-- Opening Marker --
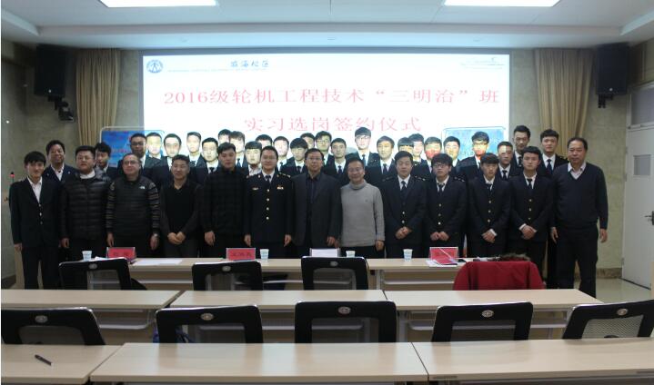 1月12日,威海校区2016级轮机工程技术“三明治”班实习选岗签约仪式在威海校区多功能厅举行,副院长姜华平、威海海事局船员处处长王洪亮,上海中船有限公司总经理刘辉,青岛源丰润有限公司副总经理张建刚出席仪式。
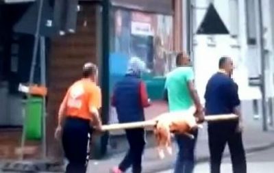 Около 7 минути мъжете са ходили в центъра на града с животното, забито на пръчката, казват очевидци.
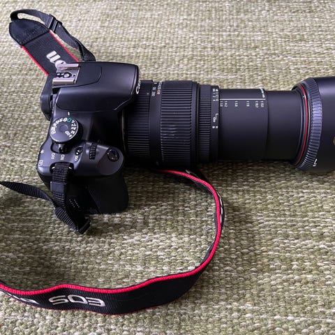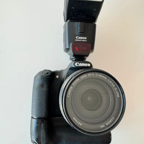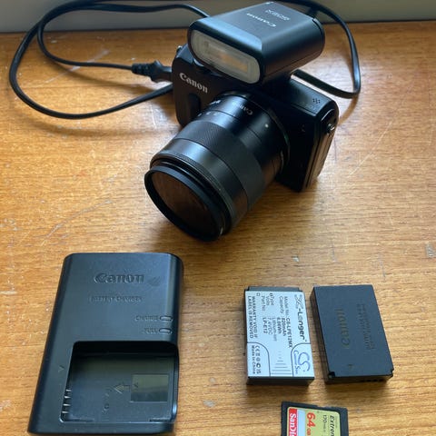 📷 Canon EOS M + lader, to batterier og Canon Speedlite 90EX
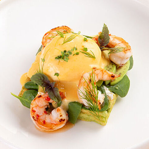 Погрузитесь в мир гастрономического наслаждения с венской вафлей со шпинатом, на вершине которой изящно расположено яйцо пашот и нежные креветки, словно морские жемчужины. Позвольте себе насладиться этим изысканным блюдом, которое пробуждает самые яркие эмоции и аппетит.
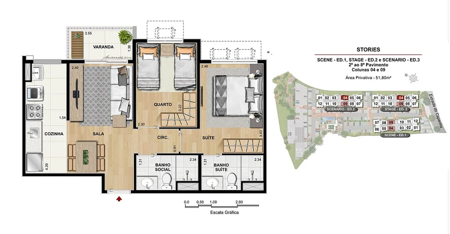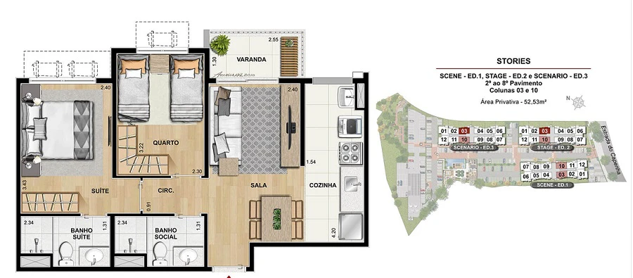 Apartamentos de 2 quartos com 52m².
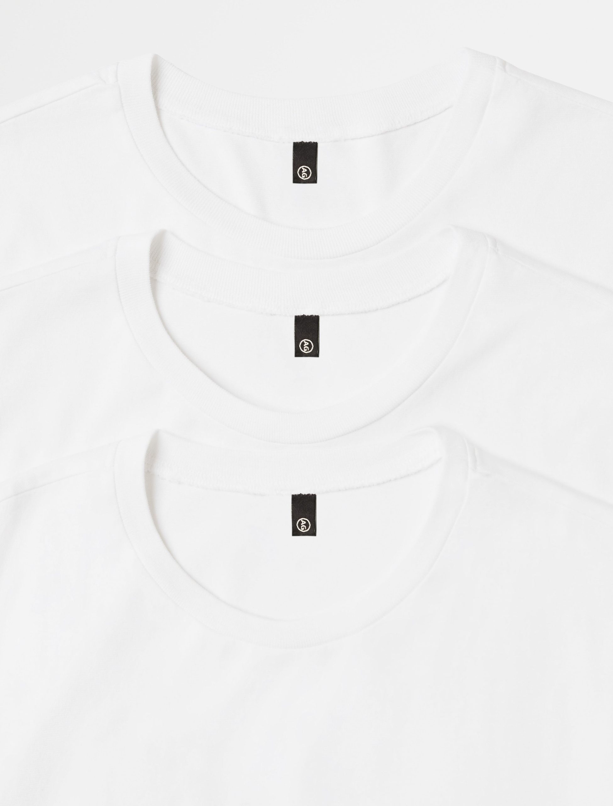 The Bryce Crew in white is a classic fit crewneck, short sleeve tee in a 3 pack. The tee offers a 1X1 baby rib at the neck to create a great crew shape and serves as the perfect base when layering all year long. Our Jersey Knit offers a luxurious comfort that is unrivaled—knitted with both S-twist and Z-twist yarn to s
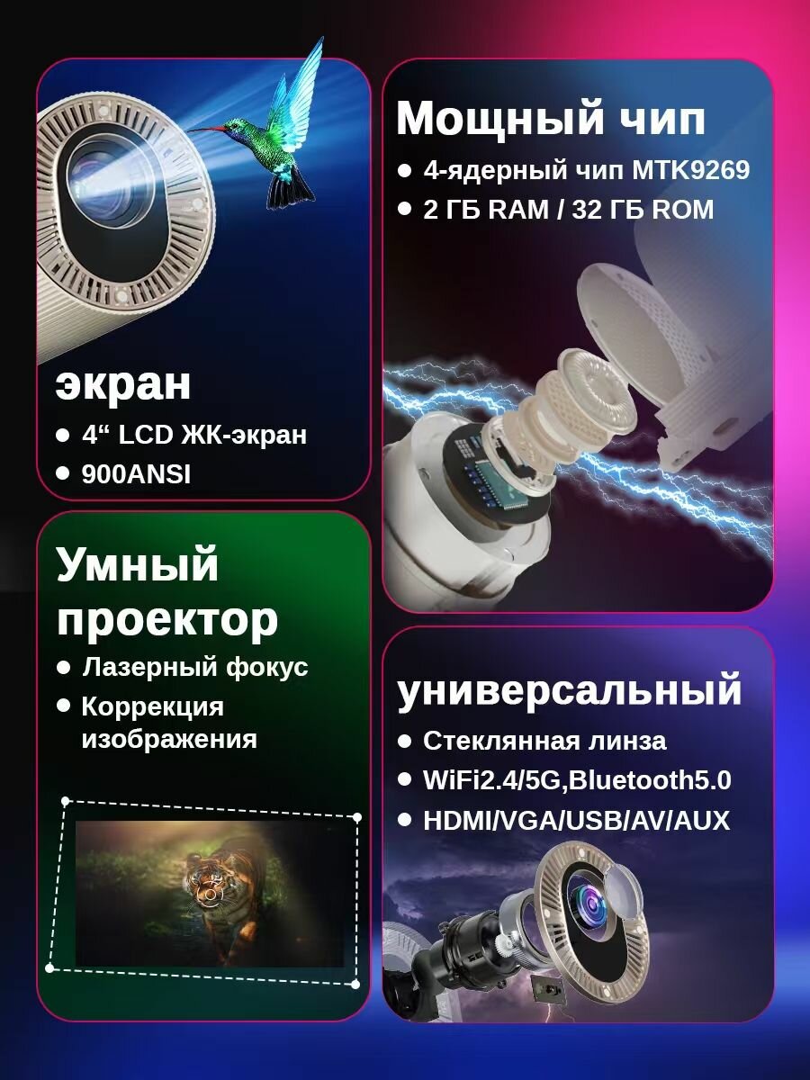 Проектор для фильмов Duosence D3 , проектор 4к домашний, 800ANSI, Автофокусировка, 2025 новый интересное:
-- Closing Marker --
## [Exercise]
Leave out every picture and write out exactly the lines running from the line containing "Canon Speedlite 90EX" to the end of the listing above.

## [Exercise result]
 📷 Canon EOS M + lader, to batterier og Canon Speedlite 90EX
 Погрузитесь в мир гастрономического наслаждения с венской вафлей со шпинатом, на вершине которой изящно расположено яйцо пашот и нежные креветки, словно морские жемчужины. Позвольте себе насладиться этим изысканным блюдом, которое пробуждает самые яркие эмоции и аппетит.
 Apartamentos de 2 quartos com 52m².
 The Bryce Crew in white is a classic fit crewneck, short sleeve tee in a 3 pack. The tee offers a 1X1 baby rib at the neck to create a great crew shape and serves as the perfect base when layering all year long. Our Jersey Knit offers a luxurious comfort that is unrivaled—knitted with both S-twist and Z-twist yarn to s
 Проектор для фильмов Duosence D3 , проектор 4к домашний, 800ANSI, Автофокусировка, 2025 новый интересное:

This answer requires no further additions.